Sarah Virginia Wade  (born 10 July 1945) is a British former professional tennis player. She won three Major tennis singles championships and four major doubles championships, and is the only British woman in history to have won titles at all four majors. She was ranked as high as No. 2 in the world in singles, and No. 1 in the world in doubles.

Wade was the most recent British tennis player to win a major singles tournament until Andy Murray won the 2012 US Open, and was the most recent British woman to have won a major singles title until Emma Raducanu won the 2021 US Open. After retiring from competitive tennis, she coached for four years, and has also worked as a tennis commentator and game analyst for the BBC and Eurosport and CBS in the U.S.

Early life
Wade was born in Bournemouth, England, UK, on 10 July 1945. Her father was the archdeacon of Durban.

At one year old, Wade moved to South Africa with her parents. There, she learned how to play tennis. When she was fifteen, the family moved back to England and she went to Tunbridge Wells Girls' Grammar School and Talbot Heath School, Bournemouth. In 1961, she was in the tennis team of Wimbledon County Girls' Grammar School. She went on to study mathematics and physics at the University of Sussex, graduating in 1966.

Tennis career

Wade's tennis career spanned the end of the amateur era and the start of the open era. In 1968, as an amateur, she won the inaugural open tennis competition – the British Hard Court Open at Bournemouth. She turned down the £300 first prize, choosing to play for expenses only. Five months later, after turning professional, she won the women's singles championship at the first US Open (and prize-money of $6,000 - $ today), defeating Billie Jean King in the final. Her second Major tennis singles championship came in 1972 at the Australian Open. There, she defeated Australian Evonne Goolagong in the final 6–4, 6–4. She was appointed a member of the Order of the British Empire (MBE) in the 1973 Birthday Honours for services to lawn tennis.

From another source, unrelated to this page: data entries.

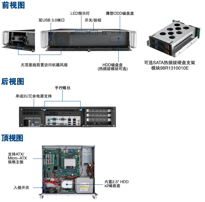 2个内置2.5"磁盘盒和2个“热插拔或外置”磁盘盒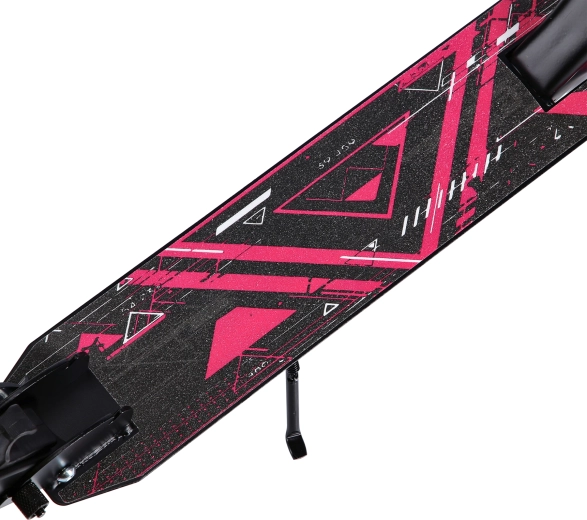 De grandes roues PU de 200 mm (82A) combinées à des roulements ABEC 7 de qualité offrent stabilité, silence et une conduite vive et sûre sur trottoirs et pistes cyclables. Le frein arrière à pied sur le garde-boue assure des arrêts maîtrisés, tandis que la béquille rabattable facilite le stationnement partout. La trottinette supporte une charge maximale de 100 kg et possède un plateau spacieux pour un appui confortable.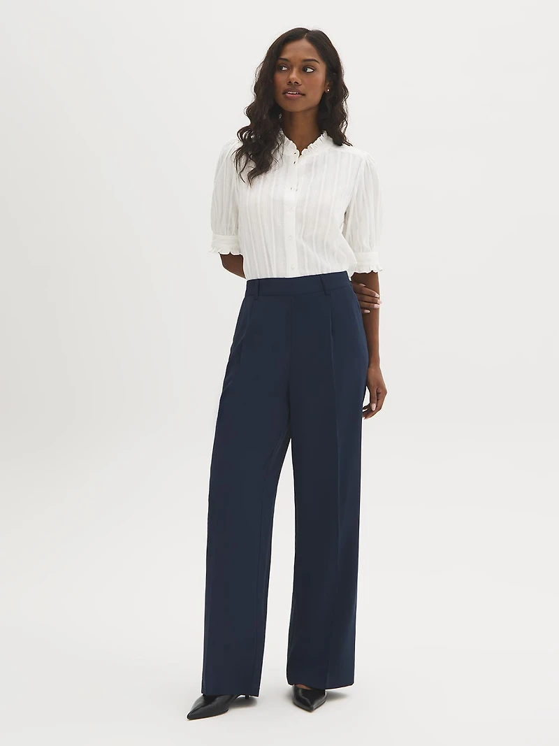 This is the kind of pant that does the styling for you. A wide-leg silhouette with a soft front pleat creates an easy, confident look, finished with a comfortable pull-on waistband. The result feels polished, relaxed, and ready for repeat wear.Woven pantsTricotineWide-legPull-on1/2 back elasticOne pleatTrouser pocketsJay is 5.8" and wearing size Fabric: 100% polyesterMachine wash inside out in cold waterHang to dry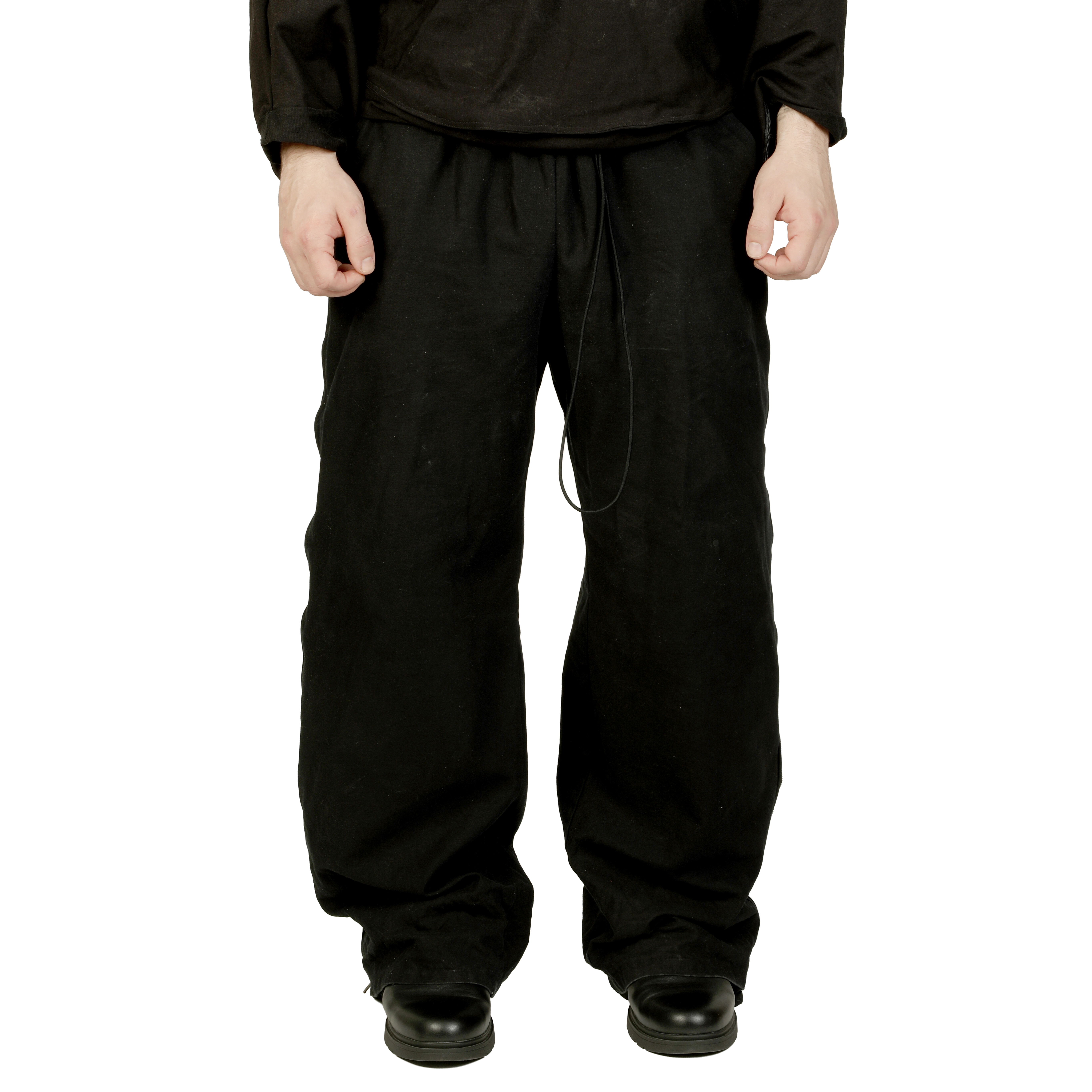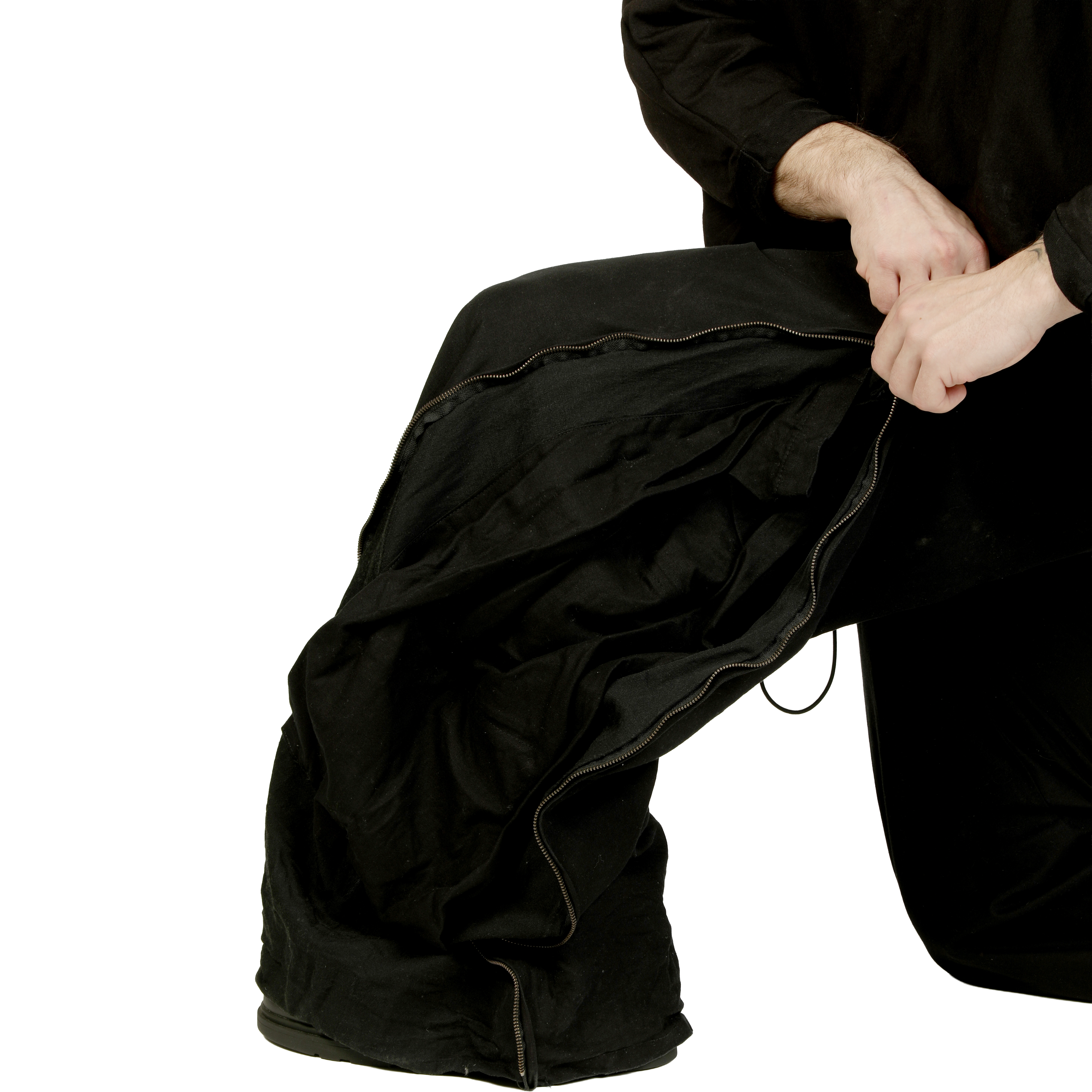 Crafted from heavyweight jersey cotton and reinforced with interfacing, Papilio features full-length butterfly pockets embedded along the inner legs. Opening the primary side-seam zip lets the internal panels flare outward, revealing secondary compartments accessed through brass YKK zips. The silhouette shifts from a clean wide leg to an expanded, multi-layered structure.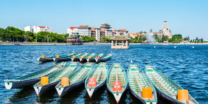 龍舟池位於廈門市集美區,是陳嘉庚在海灘上築堤圍墾,形成外、中、內三池,其中外池俗稱“龍舟池”。池畔建有式樣各不相同的七個亭子。如果恰逢遇到端午節,這裡會注滿水,舉辦龍舟賽,遊客還可以抓鴨子,是休閒度假的好去處。

Wade won Wimbledon in 1977. It was the 16th year in which she had played at Wimbledon, and she made her first appearance in the final by beating the defending champion Chris Evert in the semifinal 6–2, 4–6, 6–1. In the final, she beat Betty Stöve in three sets to claim the championship, nine days before her 32nd birthday. 1977 was the 100th anniversary of the founding of the Wimbledon Championships, as well as the Silver Jubilee year of Elizabeth II, who attended the final for the first time since 1962. 

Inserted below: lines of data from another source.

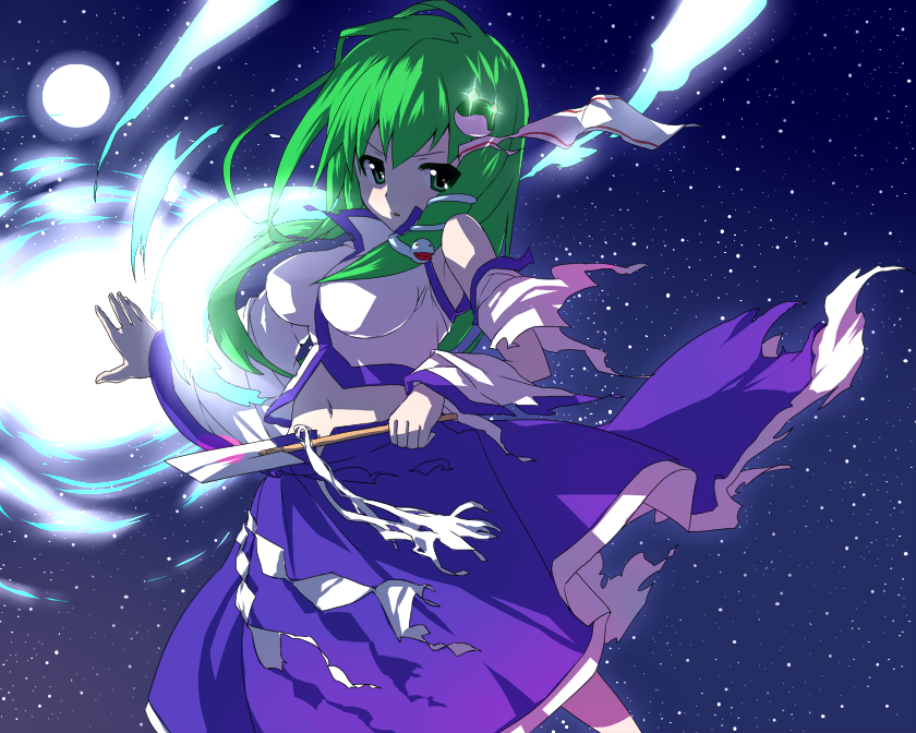 1girlbreastsdetached sleevesfemale focusfroggreen eyesgreen hairhair ornamentjapanese clotheslong hairmikoskysnakesolostanding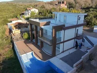 Una lujosa villa moderna en venta, situada en la zona tranquila y verde de Krimovica. Diseñado para vivir todo el año, esta villa ofrece una comodidad excepcional, impresionantes vistas al mar y a la montaña, y una mezcla perfecta de elegancia y funcionalidad. La propiedad se encuentra en una parcela de 450 m2, con una superficie total de 380 m2. Incluye una zona de aparcamiento privado para tres coches y una gran piscina de 90 m3 con una amplia terraza solarium de 13 metros. La villa ha sido presentada para el proceso de legalización, asegurando que está en proceso de obtener la condición jurídica completa.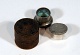 Description: 7/8” x 7/8” circular nickle plated bottom is a cylindar intowhich the top fits snugly so that if a pill is in the bottom it can be crushed by the top piece. The whole fits into a circular box 1.25“x1” high.

Wade also won four Major women's doubles championships with Margaret Smith Court – two of them at the U.S. Open Tennis Tournament, one at the Australian Open, and one at the French Open. In 1983, at the age of 37, she won the Italian Open women's doubles championship with Virginia Ruzici of Romania.

Over her career, Wade won 55 professional singles championships and amassed $1,542,278 dollars in career prize money. She was ranked in the world's top 10 continuously from 1967 to 1979. Her career spanned a total of 26 years. She retired from singles competition at the end of the 1985 tennis season, and then from doubles at the end of 1986. The 26 times that she played at Wimbledon is an all-time record, 24 of those times being in the women's singles.

After tennis
Since 1981, while she was still playing, Wade has been a reporter on tennis events for the BBC. In 1982, she became the first woman to be elected to the Wimbledon Committee.

Wade was appointed an Officer of the Order of the British Empire (OBE) in the 1986 Birthday Honours for services to lawn tennis.

In 1989, Wade was inducted into the International Tennis Hall of Fame in Newport, Rhode Island.

Major finals

Grand Slam finals

Singles: 3 (3 titles)

Women's doubles: 10 (4 titles, 6 runner-ups)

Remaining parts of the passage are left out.